To the lay person, The Ultimaxx 4000 XT Super Deluxe is an unassuming, if impressively clean 1997 Buick LeSabre,  a model that (for obvious reasons) held the title of best selling full sized car in North America when it was inexplicably discontinued in 2004.  But The Ultimaxx 4000 XT Super Deluxe was no average '97 LeSabre.  This car was repeatedly responsible for altering the course of American history.  AND NOW IT'S FOR SALE.

History Underway

Soren Björnstråm and Ingrid Flüttergöp Svensson arrived in America in 1987 with three suitcases, a profound misunderstanding about what "the land of opportunity" meant, and four children. The eldest was Flüggerbörn, a name, the inspiration for which was someone sneezing while playing a trombone.  Flüggerbörn spent most of his adolescence in the office of the guidance counselor. The second child, a daughter, Krüptflüttergöss had learned early on that introducing herself at American schools involved impossible phonetic negotiation and just went by "Krüpt." The third, Björk-Sven, had similarly given up and started telling people her name was "B.S." which, while completely reasonable, created its own problems she could not have anticipated. The baby was Fred, who went by "Fred." 
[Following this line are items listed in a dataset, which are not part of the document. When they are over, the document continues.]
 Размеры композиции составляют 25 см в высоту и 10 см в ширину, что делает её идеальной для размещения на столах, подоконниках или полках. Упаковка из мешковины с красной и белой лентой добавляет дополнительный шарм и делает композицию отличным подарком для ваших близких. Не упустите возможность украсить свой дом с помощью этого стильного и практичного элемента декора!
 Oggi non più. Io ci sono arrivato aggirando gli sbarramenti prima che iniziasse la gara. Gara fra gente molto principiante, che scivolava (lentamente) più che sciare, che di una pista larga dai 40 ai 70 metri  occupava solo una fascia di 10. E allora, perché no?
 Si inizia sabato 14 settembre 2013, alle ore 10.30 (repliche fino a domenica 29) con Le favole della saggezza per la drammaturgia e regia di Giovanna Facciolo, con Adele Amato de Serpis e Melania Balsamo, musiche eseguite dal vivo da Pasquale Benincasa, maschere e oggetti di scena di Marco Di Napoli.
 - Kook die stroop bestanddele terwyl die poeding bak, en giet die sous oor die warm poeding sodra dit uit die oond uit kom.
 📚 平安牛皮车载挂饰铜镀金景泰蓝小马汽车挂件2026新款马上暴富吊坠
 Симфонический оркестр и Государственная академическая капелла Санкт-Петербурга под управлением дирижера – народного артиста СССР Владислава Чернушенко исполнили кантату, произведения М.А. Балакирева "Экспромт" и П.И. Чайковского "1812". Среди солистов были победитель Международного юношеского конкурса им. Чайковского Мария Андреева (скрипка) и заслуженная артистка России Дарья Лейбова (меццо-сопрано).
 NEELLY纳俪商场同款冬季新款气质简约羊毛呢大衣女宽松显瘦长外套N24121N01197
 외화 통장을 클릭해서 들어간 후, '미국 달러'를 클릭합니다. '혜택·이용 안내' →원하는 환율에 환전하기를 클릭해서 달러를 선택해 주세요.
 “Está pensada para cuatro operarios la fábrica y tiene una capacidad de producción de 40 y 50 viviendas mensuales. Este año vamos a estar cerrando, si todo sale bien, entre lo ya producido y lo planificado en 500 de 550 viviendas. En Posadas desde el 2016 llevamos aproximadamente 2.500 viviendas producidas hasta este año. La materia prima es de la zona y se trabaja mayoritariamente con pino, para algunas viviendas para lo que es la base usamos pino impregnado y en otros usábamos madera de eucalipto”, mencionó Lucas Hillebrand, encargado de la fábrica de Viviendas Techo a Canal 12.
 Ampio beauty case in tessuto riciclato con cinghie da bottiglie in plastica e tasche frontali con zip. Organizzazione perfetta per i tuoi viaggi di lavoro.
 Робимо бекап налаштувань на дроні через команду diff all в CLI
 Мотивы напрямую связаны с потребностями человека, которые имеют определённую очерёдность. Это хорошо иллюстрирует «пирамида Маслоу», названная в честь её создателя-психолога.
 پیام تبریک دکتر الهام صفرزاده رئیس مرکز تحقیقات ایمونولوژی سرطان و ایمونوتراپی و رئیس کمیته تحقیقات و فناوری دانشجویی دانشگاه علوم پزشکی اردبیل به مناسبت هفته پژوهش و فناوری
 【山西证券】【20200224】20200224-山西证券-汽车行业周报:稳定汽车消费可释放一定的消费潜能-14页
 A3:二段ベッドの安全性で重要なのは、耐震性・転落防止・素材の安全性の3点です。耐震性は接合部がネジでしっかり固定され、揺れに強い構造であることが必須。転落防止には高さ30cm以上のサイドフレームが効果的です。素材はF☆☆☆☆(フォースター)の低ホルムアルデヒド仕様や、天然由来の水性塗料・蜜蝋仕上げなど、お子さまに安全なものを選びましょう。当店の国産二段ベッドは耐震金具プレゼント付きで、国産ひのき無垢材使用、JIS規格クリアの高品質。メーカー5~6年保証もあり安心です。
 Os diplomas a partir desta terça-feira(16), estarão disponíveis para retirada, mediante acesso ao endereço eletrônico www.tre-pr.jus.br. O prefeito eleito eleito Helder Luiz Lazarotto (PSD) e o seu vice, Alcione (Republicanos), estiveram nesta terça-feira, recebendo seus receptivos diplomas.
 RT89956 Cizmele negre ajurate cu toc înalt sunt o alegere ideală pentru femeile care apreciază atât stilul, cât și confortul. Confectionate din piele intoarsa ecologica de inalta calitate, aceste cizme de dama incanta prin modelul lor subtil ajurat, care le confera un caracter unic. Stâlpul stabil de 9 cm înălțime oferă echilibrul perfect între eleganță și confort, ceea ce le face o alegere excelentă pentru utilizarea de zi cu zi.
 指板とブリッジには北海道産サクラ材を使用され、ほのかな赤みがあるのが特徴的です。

The Svensson's Win a 1997 Buick LeSabre

The next ten years were consumed—comprehensively and without mercy—by immigration paperwork. Forms begat forms; each completed form spawned three new ones, each requiring signatures in triplicate from Notaries who seemed to have way too many days of vacation. Soren developed a twitch in his left eye. Ingrid learned to say "We will try again next week" in a perfect American accent. The children aged, learned English, and watched their parents slowly disappear into a Kafkaesque bureaucratic nightmare that made actual Kafka look like Beverly Cleary.

 

By 1997, they had moved to California, where they built a humble home out of paper mache, from rejected visa applications and saliva, copious volumes of which was easily produced when pronouncing their first three children's names.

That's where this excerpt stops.